If The Knife and Kaitlyn Aurelia Smith reinterpreted Bjork’s ‘Post’ album.
‘Kids Talk Sun’ is the third album from Camil Fuchs and whilst its the first album I’ve personally listened to, I found some fascinating parallels with it to other artists. The melting pot of electronica, pop, avant-garde and more than a splash of weird reminds me of mid to late 90’s Bjork as seen through the lens of The Knife and Kaitlyn Aurelia Smith. Excited yet? I was!
Camila Fuchs is actually a duo and not the name of a solo artist. The duo are Camila, based in Mexico, and Daniel, from Munich. They’ve been working together since 2012 and this album feels both futuristic and planted in the past. Bjork’s ‘Post’ album played with the club scene and taking mechanical loops and turning them into percussive beats and aggressive grinding basslines. The whole album has an industrial feel and ‘Kids Talk Sun’ shares a very similar sound palette. Gears grind, basslines throb and gurgle, radio frequencies detune and the whole thing feels like a malevolent machine has come to life. A track called ‘Roses’ shows this best as the whole piece has a range of metallic guitar feedback like sounds channelled into a chugging machine of rhythm.
Over the top of this curiously beautiful death machine floats Camila’s voice. She sings very differently between each track. In ‘Sandstorm’ she free-flowing – like an ethereal siren. On opener ‘Sun’, she is robotically processed and plays with her stilted English pronunciations. All the way through, Camila’s voice is a source of lightness and intrigue as she skips around disembodied like a ghost. Often when combined, the vocal processing and the psychedelic rhythms of the synths remind me of Kaitlyn Aurelia Smith’s most recent album ‘The Mosaic of Transformation’. There the raj like flow seeps out of every chord whereas here, it is a much more focused trance that is being created.

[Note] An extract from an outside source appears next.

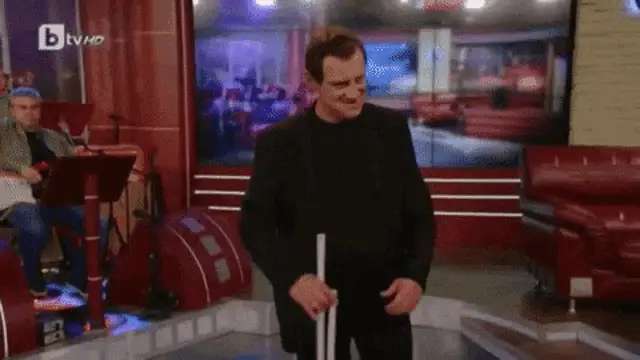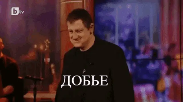 Krasi Radkov on stage in a black suit, performing in front of a microphone with the bTV logo visible.

All of that combines to create some really unusual but fascinating avant-garde pop. ‘Silenced By Hums’ is like you’ve fallen into a telephone wire and are being buzzed about around a switchboard. ‘Come About’ evokes the trashier side of Brit Pop from the late ’90s in the best possible way. The perfectly detuned kaleidoscope of synths that is ‘Mess’ sits equidistant between Bjork and Fever Ray as it slowly creeps through its seven-minute freak show. ‘Moon’s Mountain’ has about as close to a hook in their songs as you can get outside of the beautiful instrumental ‘Gloss Trick’ which uses hazy synths to create a dreamy downtempo piece to make you feel very… floaty.
One thing that Camila Fuchs does not have often is a hook, or a big chorus, or anything you can hang a hat on to call itself a big entry point. The duo are very distinctive in their musical delivery as they tell stories in moments that slowly evolve over the song rather than call out verse/chorus/verse. This may make it initially a bit trickier to get into what Camila Fuchs do. I recommend enjoying the album with the lights down low. I enjoy ‘Kids Talk Sun’ best at night, with just a small lamp on. The album commands dark space so well as almost every song feels ominous without ever trashing out into an emergency.
Frankly, Camila Fuchs may have made one of the most curious albums of 2020.